Слышу голос и чую: знакомый он мне. А вот чей, вспомнить не могу.
Подхожу поближе. Смотрю, стоит Тимофеич и кроет изо всех силушек нашего начальника боепитания.
Ну, он офицер, капитан, а я солдат. А все ж не удержался я, кинулся к нему. Земляк тоже не малое звание. И он обрадовался, схватил мою руку, жмет, в глаза заглядывает. «Какие вести, Федосеич, из дому? Какая жизнь боевая?» — «Видишь, говорю: служим Советскому Союзу.
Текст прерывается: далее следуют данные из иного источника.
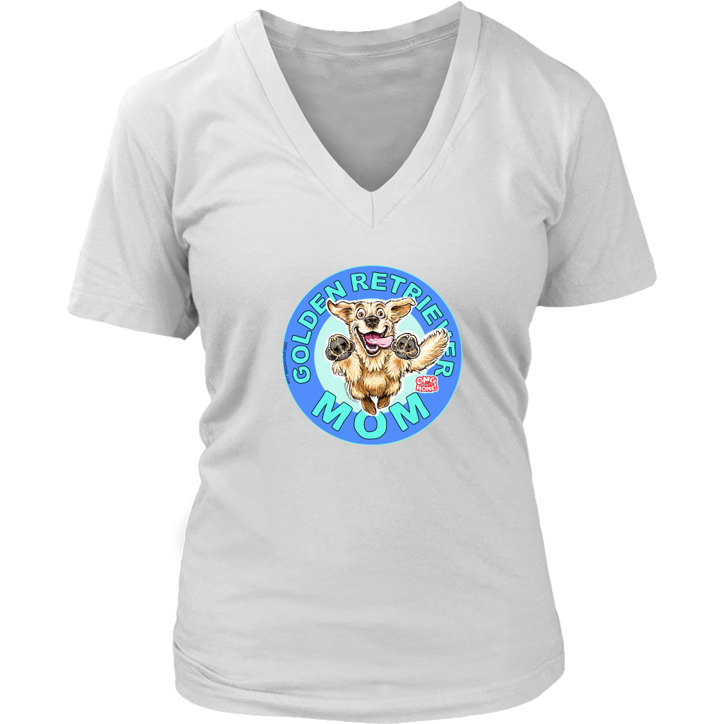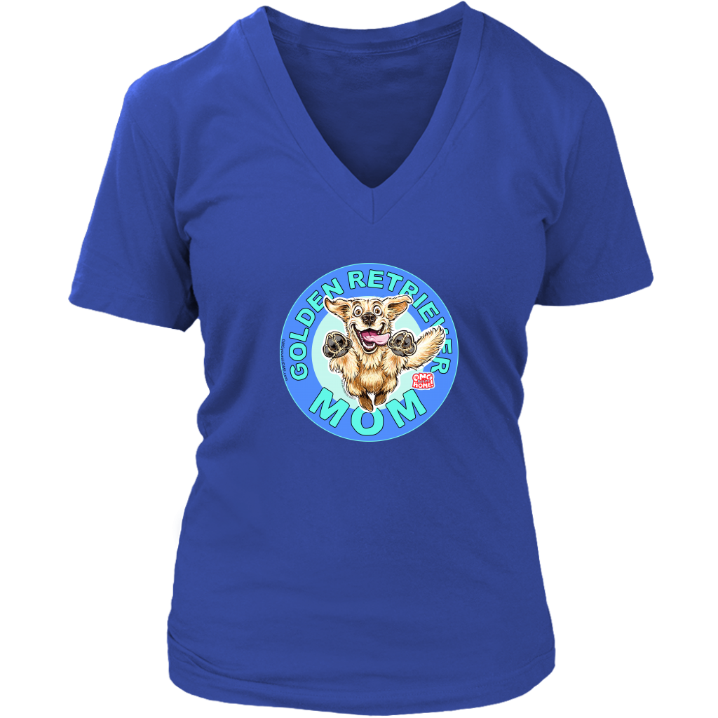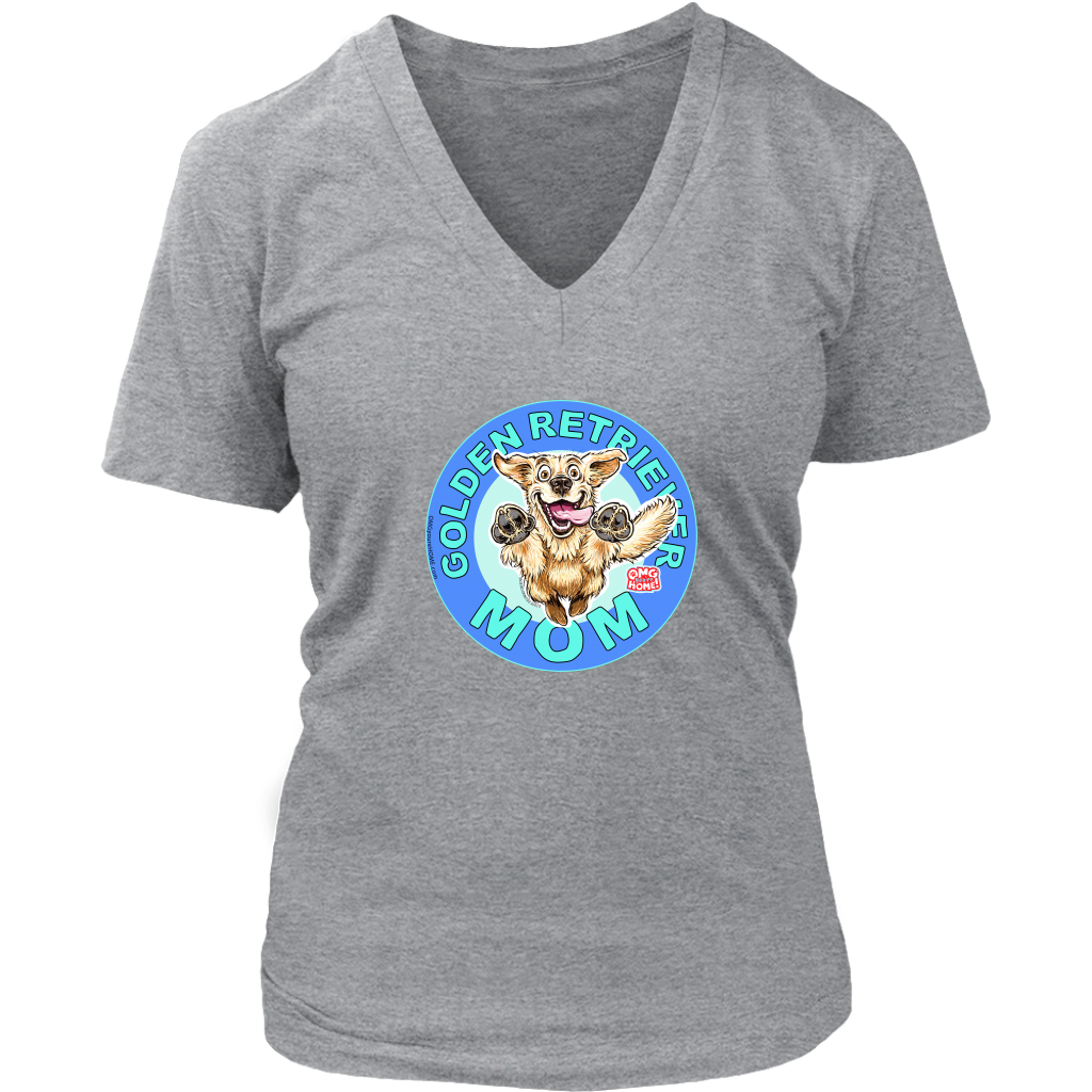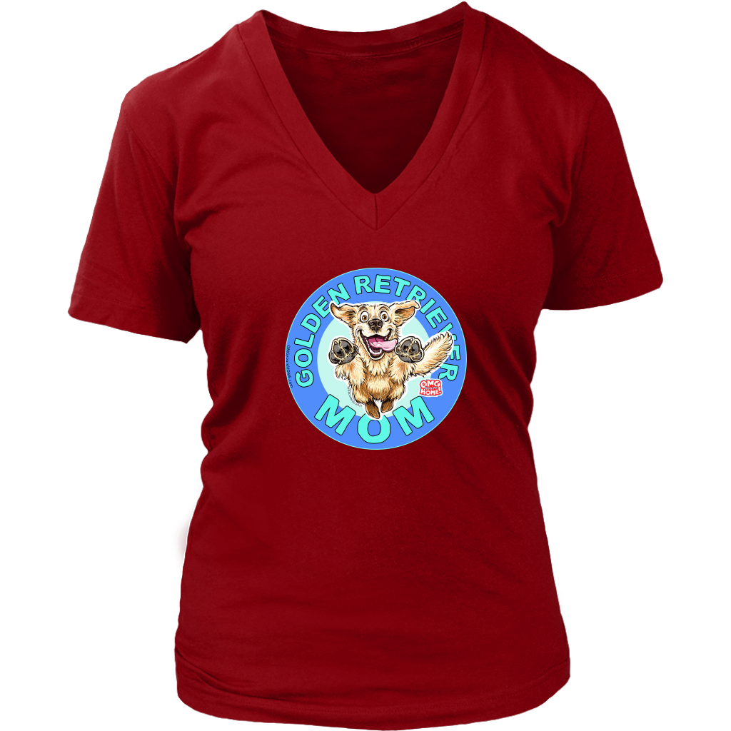 A soft and comfortable womens v-neck shirt by District featuring the original Golden Retriever Mom design by OMG You're Home.

А из дому случаются письмишки. Нужду терпят, а повеление одно: добивайте врага скорее!»
Может, и подольше поговорили бы, вспомнили бы кое-что про мирную жизнь. А они, немцы-то, язви их, как двинули на нас самолеты. «Воздух!» — кричат со всех сторон. Тут уж, Варюшка, не до разговора. Сыпанули все кто мог в укрытия: кто в блиндажи, кто в окопы, кто забился в кусты…
А когда налет отгремел, помчался я опять на станцию, на армейский склад за снарядами.
Приезжаю оттуда со своим грузом, слышу-послышу, говорят: много убитых в налет. А старший лейтенант, начальник боепитания говорит: «И земляк твой, капитан, командир первого дивизиона тоже убитый. Кричал, говорит, на меня, с кулаками кидался и не знал, что до обрыва пять шагов». Война, Варюшка, война, будь она трижды проклятая…
Варя много раз читала у бабушки Олимпиады Захаровны пожелтевшую бумагу, которая звучала хотя и торжественно, но воспринималась как-то отдаленно, по поверхности сознания. «Сообщаю, что ваш муж капитан Березкин Петр Тимофеевич пал смертью храбрых в битве за освобождение нашей Родины от фашистских оккупантов».
Никоноркин своим коротким воспоминанием будто погрузил ее в ту тревожную и жестокую жизнь, и ей живо представилась, как наяву, и эта перепалка командиров, и радость, с какой один из них встретил нежданно-негаданно земляка, и весь этот простой и суровый разговор: «Кричал… с кулаками кидался… не знал, что до обрыва пять шагов».
— Непостижимое время! И непостижимые люди! — вслух произнесла Варя слова учителя.
— Чё ты, Варварушка? Чё говоришь? — на миг не понял Никоноркин, но тут же смысл ее слов открылся ему в полном их значении, и он поспешил со своим выводом:
— Вот уж точно, Варварушка. Оглядываешься, вроде там не мы, другие были и не такие, как мы. А все ж мы были!
Варе думалось, что Никоноркин в своих расспросах поставит теперь точку. Ей самой захотелось посидеть молча, подумать, побыть в состоянии тихой кручины, которая поднялась в ее душе после того, как услышала она о смерти далекого и близкого деда, услышала подробности, вероятно, неизвестные даже бабушке, а может быть, уже забытые ею.
Но тут душевный настрой у них не совпал. Никоноркин не только не хотел молчать — он не мог молчать. Воспоминания о фронте, о тех днях, затаенное ощущение неизбывной радости оттого, что тех вот нет, а он живет, движется, работает, а мог бы ведь, как и они, лежать в сырой земле, будоражили его неукротимый интерес к нынешней жизни, к людям, которые окружали его.
— Значит, ты как же теперь, при ком жительствуешь? — осторожно, чуть скосив на Варю глаза, спросил Никоноркин.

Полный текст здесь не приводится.